Why black holes unlock the quantum majesty of the Universe

Physics

 Imagine you’ve discovered a watch in the
dirt. At closer study, one cannot but be awed by its intricate finesse and
pinpoint accuracy. The device was undoubtedly devised; this implies the
existence of a designer. The priest William Paley made this same case for God
in 1802. Just substitute “watch” for “Nature.” We now know
that Darwin’s theory of evolution by natural selection is supported by an
abundance of evidence, which severely weakens the case. Natural selection acts
as the blind watchmaker. Darwin once reflected on this idea, writing,
“There is grandeur in this view of life, with its several powers, having
been originally breathed into a few forms or into one; and that, while this
planet has gone cycling on according to the fixed law of gravity, from so
simple a beginning endless forms most beautiful and most wonderful have, and
are evolving.”

 

What about, though, the unchanging law of
gravity, without which the planets couldn’t have existed to foster the
evolution of the infinite forms? Perhaps the ties that bind the animals via the
forces of electricity and magnetism? Or the zoo of elementary particles that
make up our bodies? Who or what established the rules, the boundaries within
which everything continues its cyclical motion?

 


Reductionism can be seen as the overarching
theme of modern physics. The underlying workings of Nature do not necessitate a
massive encyclopedia.
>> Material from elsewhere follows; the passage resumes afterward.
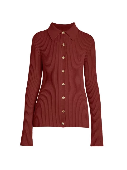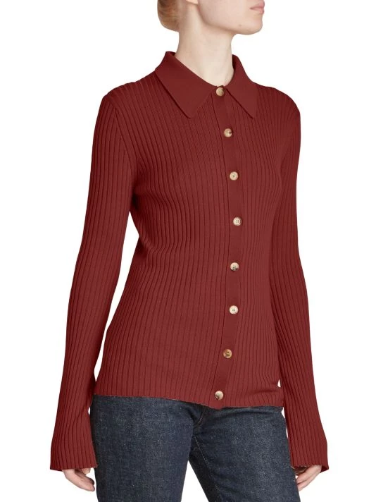 Chloé’s collection puts an emphasis on reducing the negative impact of the fashion industry with the use of botanical dyes. Gabriela Hearst pays homage to the French house’s legacy through puff sleeves, oversized silhouettes, and mixed knits infused with the designer’s equestrian and boho-inspired looks. Knit from cozy wool and cashmere, this formfitting top boasts textured ribbing and contrast button closures.
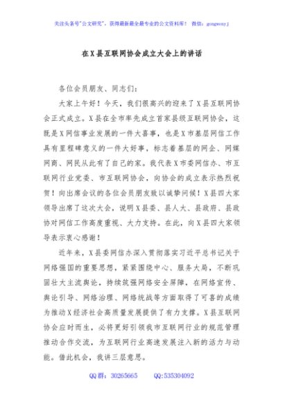 / 在X县互联网协会成立大会上的讲话

Instead, the language of mathematics allows us to
describe a seemingly unreasonable variety of natural processes, from the inside
of a proton to the birth of galaxies. It is a miracle that the language of
mathematics is suitable for the formulation of the laws of physics, as noted by
theoretical physicist Eugene Wigner, and it is a gift that we do not fully
appreciate or merit. We really ought to be thankful.

 

 

The arithmetic of the twentieth century
described a universe populated by a small number of basic particle types
interacting in a spacetime arena according to a set of rules that could fit on
the back of an envelope. It seems that a mathematician was responsible for
creating the Universe if it was intended.

 

Today, it looks that research into black
holes is nudging us in a new direction, towards a language more commonly
employed by quantum computer scientists. The language used to convey data. It’s
possible that space and time are conceptual constructs that don’t factor into a
fundamental description of Nature. Instead, they are created in a manner
analogous to a computer code from entangled quantum bits of information. A
computer programmer is responsible for designing the universe.

 


Nonetheless, caution is required. We risk
going too far, just like Paley did. It’s possible that information science’s
contribution to the description of black holes is leading us to a new way of
thinking about how the natural world works, but that doesn’t mean we’re robots.
Instead, we could reason that the vocabulary of computing is ideal for
explaining the algorithmic development of the universe. When put this way, the
mystery is on par with Wigner’s miracle of the suitability of mathematical
language for the formulation of physics’ rules. Bits being churned from input
to output, often known as information processing, is not a creation of computer
science but rather a property of the Universe itself. Spacetime as quantum
computer code may lead us to believe that a programmer is at work, but an
alternative explanation is that terrestrial computer scientists have stumbled
upon techniques that Nature has already put to use. In this light, black holes
might be seen as cosmic Rosetta Stones that help us interpret our observations
into a new language that reveals the deepest meaning and most dazzling beauty.